NHS hospitals spending more on patient food

18th October 2012

New figures have revealed that the health service in the UK is spending more on patient food than it has ever done.


Department of Health statistics have revealed the average amount spent per patient per day on food has increased by almost 10% over the past two years to £8.77.

This is up from £8.58 in 2010/11 and £8.06 in 2009/10.

Despite this overall rise, a breakdown of the figures has also shown there are still significant regional variations on patient food costs.

In some areas this is as high as £15.65 spent per patient on food, which is £10 more than the lowest spending hospital.

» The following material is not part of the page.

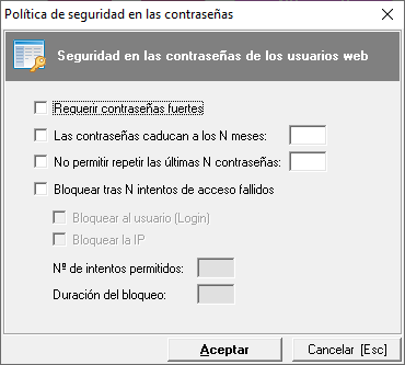 Este apartado permite configurar la seguridad de las contraseñas de los usuarios web:

Across the NHS, the cost of food remains at less than 0.5% of the NHS budget.

Health Secretary Jeremy Hunt has launched a new drive to improve the quality of food in hospitals which aims to cut fat and salt levels and see more fruit and vegetables offered on menus.

He said: “Patients need high quality, nutritious food – this is a crucial part of their care, particularly for older patients. The figures show while the NHS is spending more on food as a whole, costs vary wildly across the country.

“What’s not clear is whether when the price drops, quality drops too. I want to find out if there is a link between what is spent and the quality of food delivered; and if not, why not.”

Pilot inspections of hospital food have already begun in some places with hospitals due to receive ratings which will be published online.